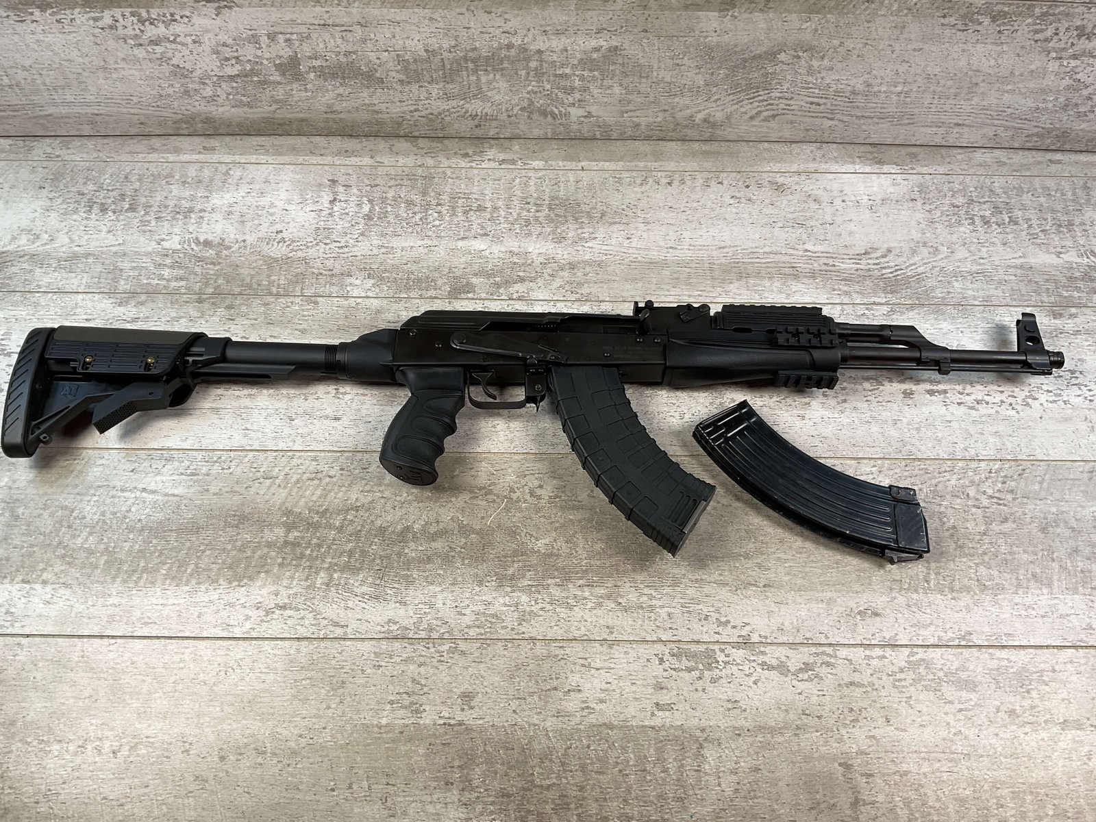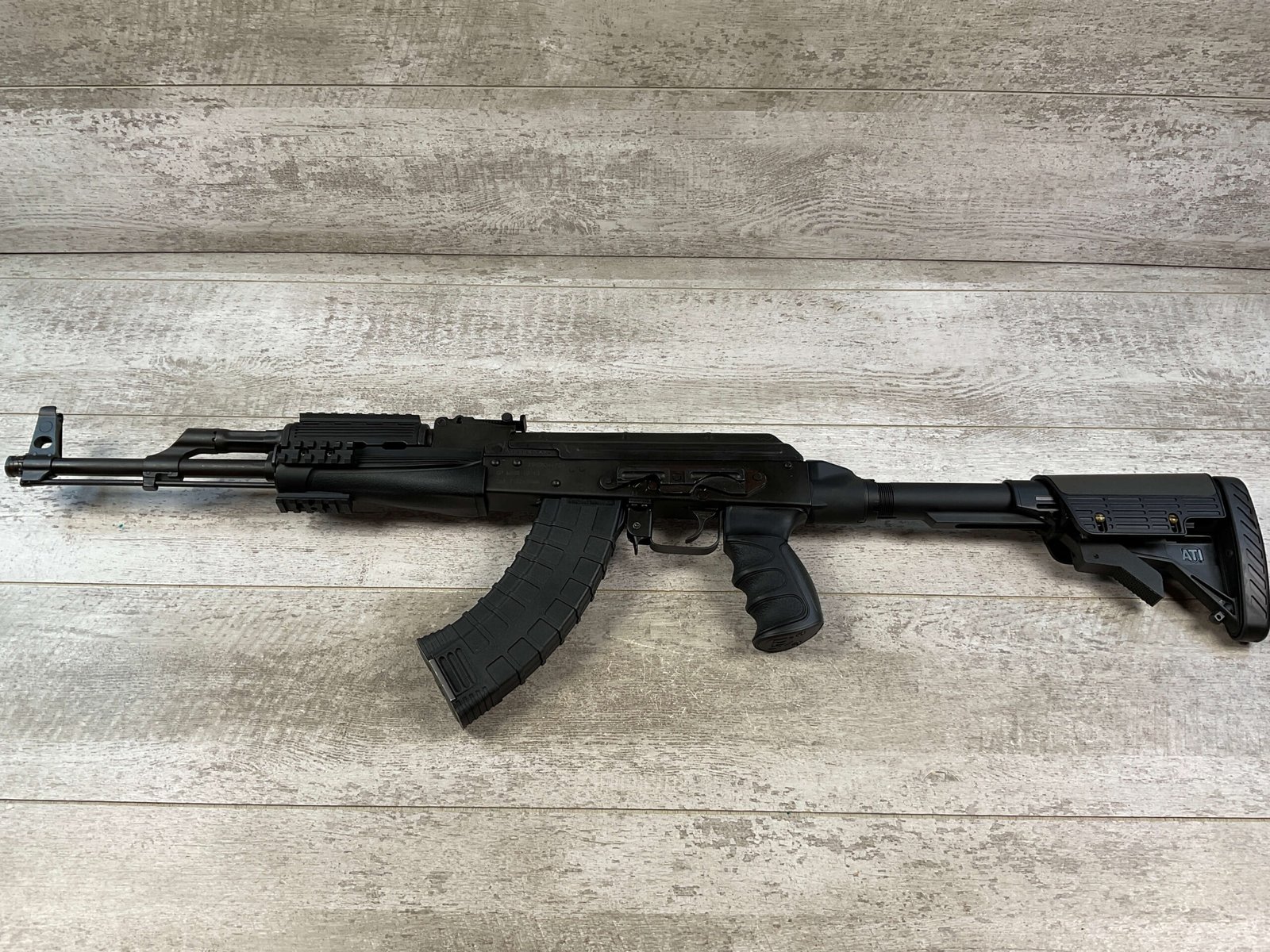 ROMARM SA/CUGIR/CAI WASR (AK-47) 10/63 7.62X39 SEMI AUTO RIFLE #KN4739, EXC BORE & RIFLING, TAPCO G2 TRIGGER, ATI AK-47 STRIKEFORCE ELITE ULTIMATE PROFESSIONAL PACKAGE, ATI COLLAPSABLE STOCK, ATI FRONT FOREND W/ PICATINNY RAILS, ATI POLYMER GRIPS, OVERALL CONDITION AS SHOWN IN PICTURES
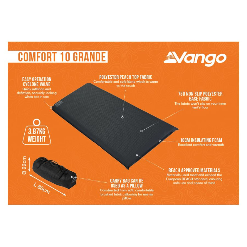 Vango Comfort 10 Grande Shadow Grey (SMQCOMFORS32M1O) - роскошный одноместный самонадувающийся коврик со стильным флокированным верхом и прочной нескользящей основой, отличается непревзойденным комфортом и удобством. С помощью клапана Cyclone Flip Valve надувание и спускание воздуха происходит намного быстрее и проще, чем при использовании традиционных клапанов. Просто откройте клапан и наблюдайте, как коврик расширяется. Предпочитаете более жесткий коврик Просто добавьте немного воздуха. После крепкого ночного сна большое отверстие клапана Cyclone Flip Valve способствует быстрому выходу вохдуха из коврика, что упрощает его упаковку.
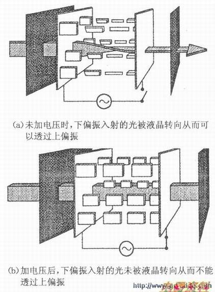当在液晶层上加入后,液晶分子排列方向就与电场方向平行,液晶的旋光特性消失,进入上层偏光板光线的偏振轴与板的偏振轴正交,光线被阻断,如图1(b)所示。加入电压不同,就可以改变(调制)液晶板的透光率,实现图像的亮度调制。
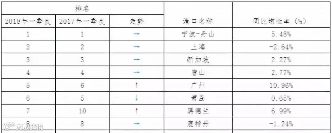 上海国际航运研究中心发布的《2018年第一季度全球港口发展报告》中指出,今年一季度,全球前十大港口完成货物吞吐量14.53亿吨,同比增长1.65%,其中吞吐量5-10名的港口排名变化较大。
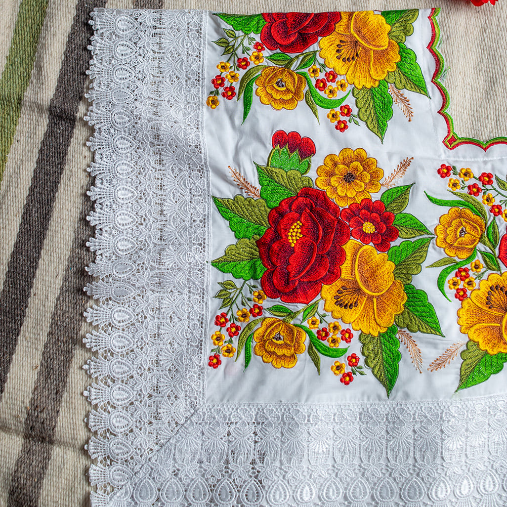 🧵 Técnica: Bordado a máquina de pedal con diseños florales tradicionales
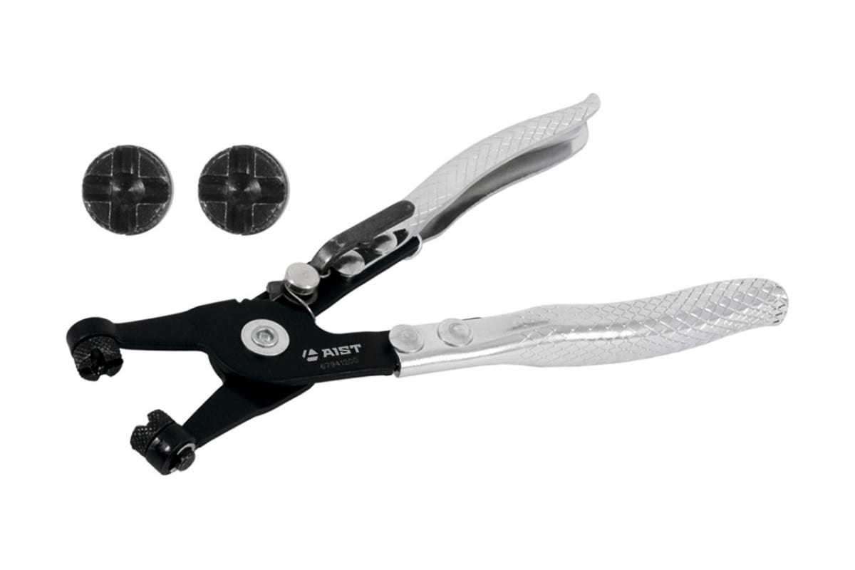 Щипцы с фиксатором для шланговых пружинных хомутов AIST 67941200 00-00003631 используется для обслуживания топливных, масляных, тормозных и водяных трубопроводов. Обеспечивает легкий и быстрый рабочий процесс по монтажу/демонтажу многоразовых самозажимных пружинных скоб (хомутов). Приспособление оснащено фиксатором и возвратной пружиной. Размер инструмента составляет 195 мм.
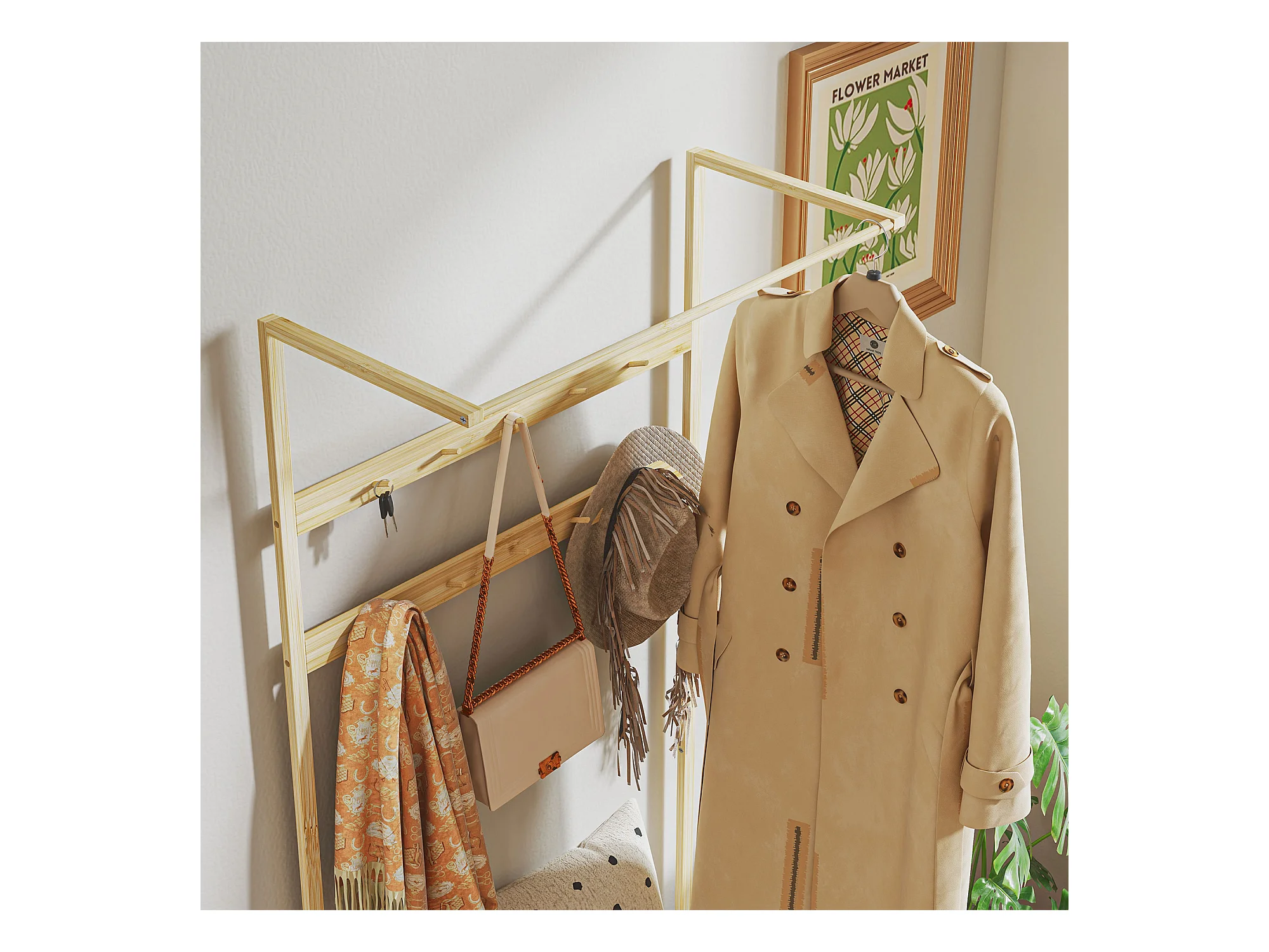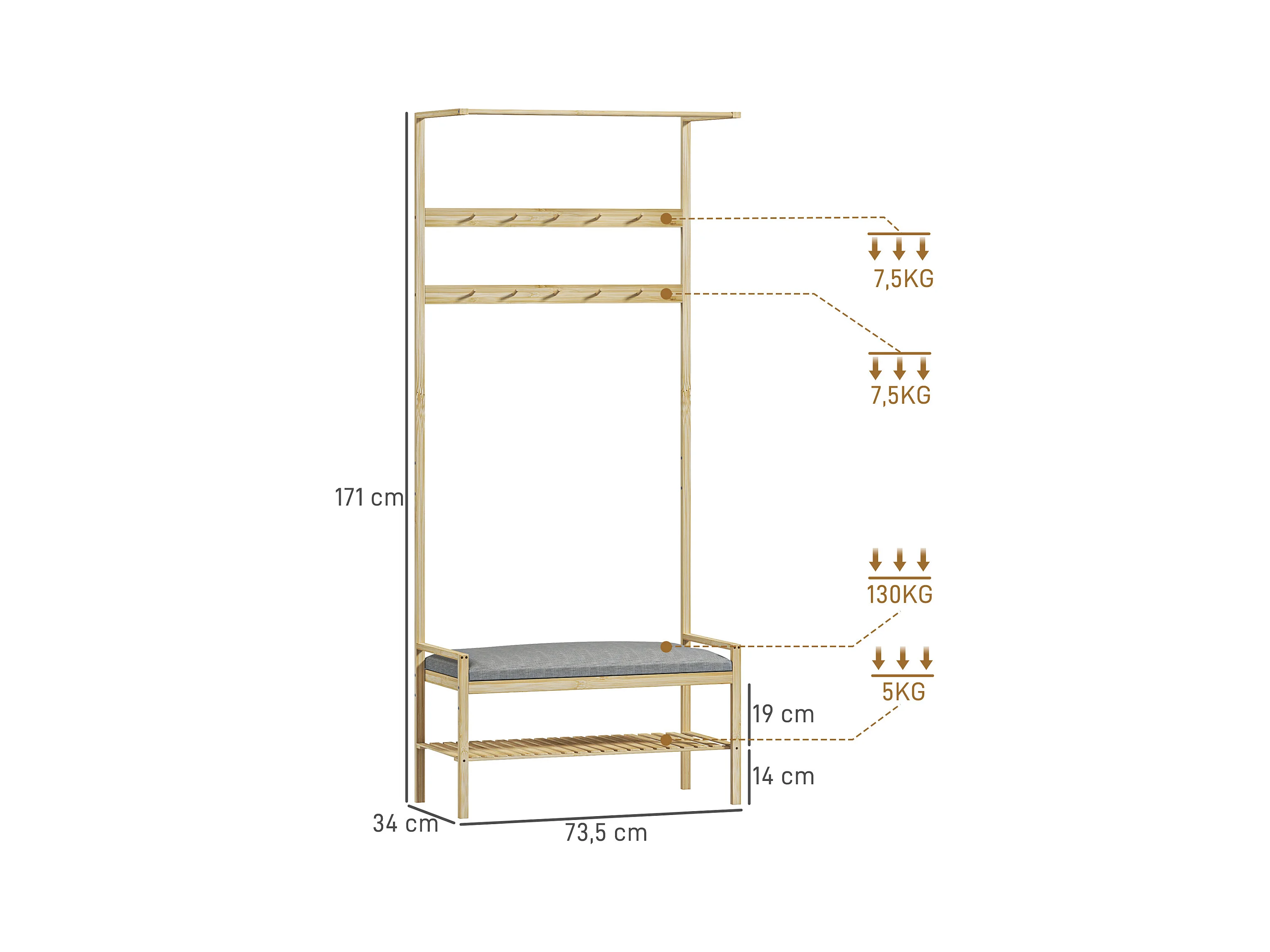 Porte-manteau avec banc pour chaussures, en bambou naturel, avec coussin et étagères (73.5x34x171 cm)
□ □ □ □
• **Assignment**
Return the data exactly. Do not carry over any images.

• **Reply**
 ROMARM SA/CUGIR/CAI WASR (AK-47) 10/63 7.62X39 SEMI AUTO RIFLE #KN4739, EXC BORE & RIFLING, TAPCO G2 TRIGGER, ATI AK-47 STRIKEFORCE ELITE ULTIMATE PROFESSIONAL PACKAGE, ATI COLLAPSABLE STOCK, ATI FRONT FOREND W/ PICATINNY RAILS, ATI POLYMER GRIPS, OVERALL CONDITION AS SHOWN IN PICTURES
 Vango Comfort 10 Grande Shadow Grey (SMQCOMFORS32M1O) - роскошный одноместный самонадувающийся коврик со стильным флокированным верхом и прочной нескользящей основой, отличается непревзойденным комфортом и удобством. С помощью клапана Cyclone Flip Valve надувание и спускание воздуха происходит намного быстрее и проще, чем при использовании традиционных клапанов. Просто откройте клапан и наблюдайте, как коврик расширяется. Предпочитаете более жесткий коврик Просто добавьте немного воздуха. После крепкого ночного сна большое отверстие клапана Cyclone Flip Valve способствует быстрому выходу вохдуха из коврика, что упрощает его упаковку.
当在液晶层上加入后,液晶分子排列方向就与电场方向平行,液晶的旋光特性消失,进入上层偏光板光线的偏振轴与板的偏振轴正交,光线被阻断,如图1(b)所示。加入电压不同,就可以改变(调制)液晶板的透光率,实现图像的亮度调制。
 上海国际航运研究中心发布的《2018年第一季度全球港口发展报告》中指出,今年一季度,全球前十大港口完成货物吞吐量14.53亿吨,同比增长1.65%,其中吞吐量5-10名的港口排名变化较大。
 🧵 Técnica: Bordado a máquina de pedal con diseños florales tradicionales
 Щипцы с фиксатором для шланговых пружинных хомутов AIST 67941200 00-00003631 используется для обслуживания топливных, масляных, тормозных и водяных трубопроводов. Обеспечивает легкий и быстрый рабочий процесс по монтажу/демонтажу многоразовых самозажимных пружинных скоб (хомутов). Приспособление оснащено фиксатором и возвратной пружиной. Размер инструмента составляет 195 мм.
 Porte-manteau avec banc pour chaussures, en bambou naturel, avec coussin et étagères (73.5x34x171 cm)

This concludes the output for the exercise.